Pero Milla era incapaz de abandonar la idea.

Él la amaba.

—No se me ocurrió —repitió—. Yo... cuando les diste aquellos papeles, me sentí como si me hubieran pegado un tiro. Quise arrodillarme y besarte los pies, pero pensé que probablemente me hubieras dado una patada.

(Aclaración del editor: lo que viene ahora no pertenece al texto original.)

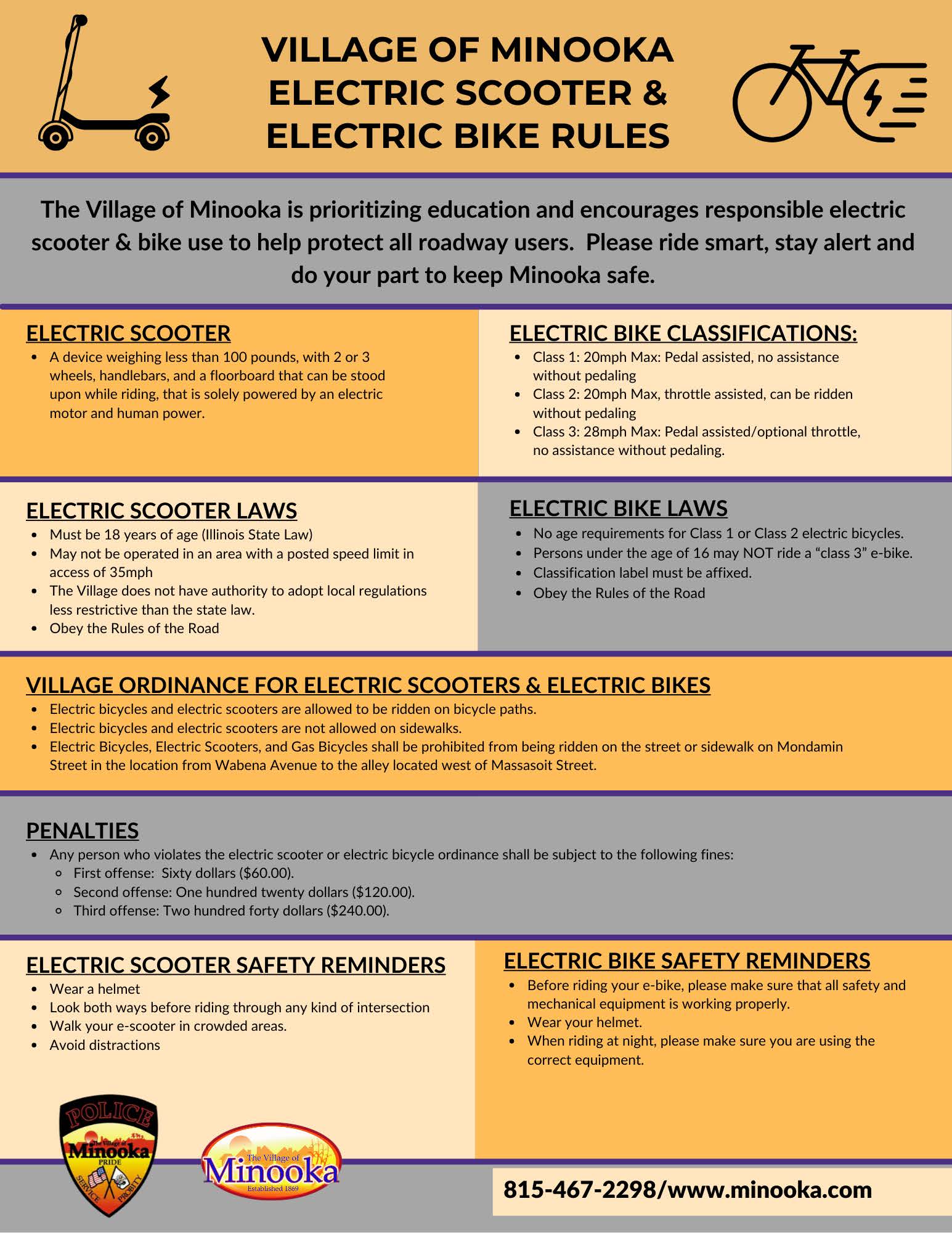 Illinois has implemented a three-class electric assist bicycle system (e-bikes). All e-bikes operating in Illinois must comply with equipment and manufacturing requirements adopted by the U.S. Consumer Products Safety Commission. You may operate an e-bike on any highway, street, or roadway authorized for use by bicycles including, but not limited to, bicycle lanes. You may operate an e-bike upon any bicycle path unless the municipality, county, or local authority with jurisdiction prohibits using e-bikes or a specific class of e-bike on the path. You may not operate an e-bike on sidewalks. The three classes of e-bikes in Illinois are as follows:

La comprensión de aquello casi la cegó e inclinó la cabeza para descansar la frente sobre las rodillas. ¿De qué manera se suponía que podía reconciliar lo que él había hecho con respecto a Justin con el cuidado que le había dedicado en las últimas semanas? Oyó el sonido de un motor; enseguida se detuvo y fue seguido por un portazo. Había regresado. Milla prestó atención al sonido de sus pasos hasta que abrió la puerta trasera y entró en la casa, pero perdió enseguida la pista de sus movimientos porque él caminaba como un gato y ella no podía oír nada. La puerta que daba al porche delantero se abrió y él entró; su aguda mirada la recorrió en una inspección relámpago, como para cerciorarse de que ella estaba bien. Díaz metió las manos en los bolsillos y se recostó en el marco de la puerta de tela metálica, mirando el océano gris con perfil sombrío. —Lo siento —dijo en voz baja. Las palabras quedaron allí, entre ellos. Él no le pedía perdón por la noche anterior, ella no podía imaginar semejante cosa, sino por Justin. Ella dudaba de que él hubiera pedido perdón a alguien en toda su vida, pero el gesto tenía un sencillo encanto y eso le anunció que era sincero. —Sé que querías protegerlo —repuso ella, y se sorprendió de estar dando argumentos a favor de él. —No sabía lo que planeabas hacer. Nunca se me hubiera ocurrido. —Hubieras podido preguntar. Pero él no era un hombre que se confiaba con facilidad, que se abría y dejaba que la gente se acercara a él. ¿Cómo hubiera podido predecir la reacción de ella? De hecho, su propia madre lo había abandonado, y lo había arrastrado de vuelta a su vida cuando le resultó conveniente. Lo que él sabía sobre las madres provenía de su propia experiencia, y aunque de manera intelectual él sabía y había visto que la mayoría de las madres amaban de veras a sus hijos, no tenía una conexión personal con ese tipo de amor. Hasta el instante en que les había entregado los documentos legales a los Winborn, ella tampoco había estado segura de que realmente pudiera llevar aquello a cabo, y su alma había llorado. Si ella misma no había estado segura, ¿cómo podía esperar que él supiera intuitivamente que ella nunca haría daño a Justin de ninguna manera?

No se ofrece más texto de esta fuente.